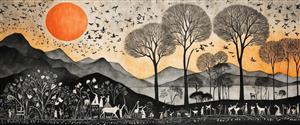 نقاشی عریض دشت و گوزنها با درختان گرد و غروب خورشید نارنجی، طرح مدرن منظره نقاشی آبرنگی عمودی از رودخانه و کوهستان با غروب طلایی و گله گوزنها تابلو عریض کوهستان و درختان با غروب یا طلوع نارنجی، طرح آبستره تیره و روشن نقاشی افقی کوهستان با تپههای نارنجی و درختان گرد در پسزمینه رقص قبیلهای، کنتراست بالا نقاشی مناظر کوهستانی با رودخانه و گله گوزنها و درختان پاییزی، طرح پانوراما نقاشی منظره رودخانه پیچان در دره کوهستانی با طیف رنگی نارنجی و سیاه، طرح عمودی نقاشی عمودی رودخانه در کوهستان با رنگهای قرمز و آبی و خانههای چوبی، طرح مدرن نقاشی گله گوزنها در کنار رودخانه زیر درخت بزرگ، طرح افقی با رنگهای سیاه و طلایی نقاشی عمودی رودخانه در دره با درختان و خانههای قبیلهای، ترکیب رنگ گرم و تیره نقاشی آبرنگ عمودی کوهستان با رودخانه و ماه طلایی در طیف رنگی نارنجی و قرمز مشاهده همه
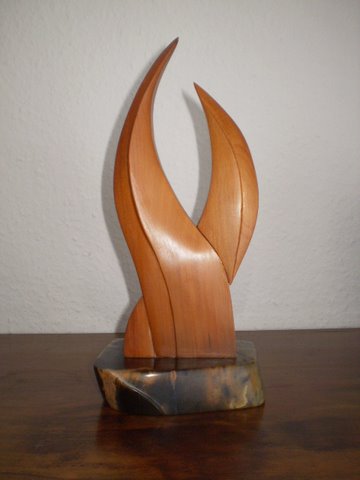 50th wedding anniversary sculpture symbolising the couple nurturing each other - supported by a solid base.
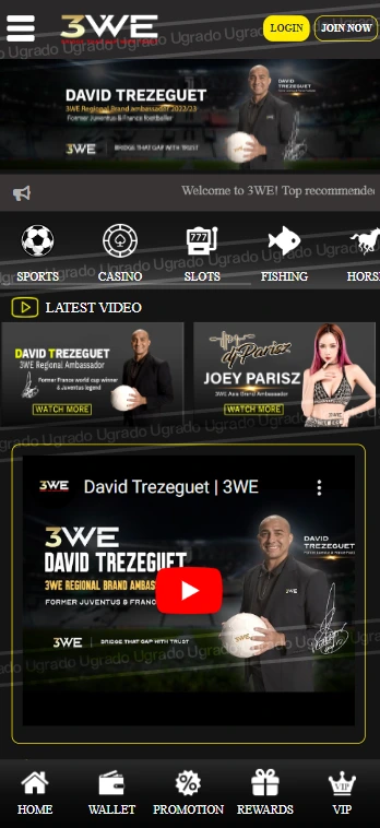 Branding plays a significant role in shaping the reputation and identity of an online casino. 3WE has strategically partnered with notable personalities to enhance its brand image. One such collaboration is with David Trezeguet, the former Juventus and France footballer, who serves as a brand ambassador for 3WE. This association with a renowned football figure adds credibility and appeal to the platform. Additionally, 3WE has partnered with Malaysia DJ, Joeyparisz, further expanding its reach and connecting with a diverse audience.
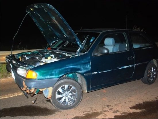 O veículo chegou a arrastar o animal por alguns metros, parando em meio a pista de rolamento.

Problem requirements ::
Leave out the pictures and output the rest of the material exactly as written.

Finished task ::
 نقاشی عریض دشت و گوزنها با درختان گرد و غروب خورشید نارنجی، طرح مدرن منظره نقاشی آبرنگی عمودی از رودخانه و کوهستان با غروب طلایی و گله گوزنها تابلو عریض کوهستان و درختان با غروب یا طلوع نارنجی، طرح آبستره تیره و روشن نقاشی افقی کوهستان با تپههای نارنجی و درختان گرد در پسزمینه رقص قبیلهای، کنتراست بالا نقاشی مناظر کوهستانی با رودخانه و گله گوزنها و درختان پاییزی، طرح پانوراما نقاشی منظره رودخانه پیچان در دره کوهستانی با طیف رنگی نارنجی و سیاه، طرح عمودی نقاشی عمودی رودخانه در کوهستان با رنگهای قرمز و آبی و خانههای چوبی، طرح مدرن نقاشی گله گوزنها در کنار رودخانه زیر درخت بزرگ، طرح افقی با رنگهای سیاه و طلایی نقاشی عمودی رودخانه در دره با درختان و خانههای قبیلهای، ترکیب رنگ گرم و تیره نقاشی آبرنگ عمودی کوهستان با رودخانه و ماه طلایی در طیف رنگی نارنجی و قرمز مشاهده همه
 50th wedding anniversary sculpture symbolising the couple nurturing each other - supported by a solid base.
 Branding plays a significant role in shaping the reputation and identity of an online casino. 3WE has strategically partnered with notable personalities to enhance its brand image. One such collaboration is with David Trezeguet, the former Juventus and France footballer, who serves as a brand ambassador for 3WE. This association with a renowned football figure adds credibility and appeal to the platform. Additionally, 3WE has partnered with Malaysia DJ, Joeyparisz, further expanding its reach and connecting with a diverse audience.
 O veículo chegou a arrastar o animal por alguns metros, parando em meio a pista de rolamento.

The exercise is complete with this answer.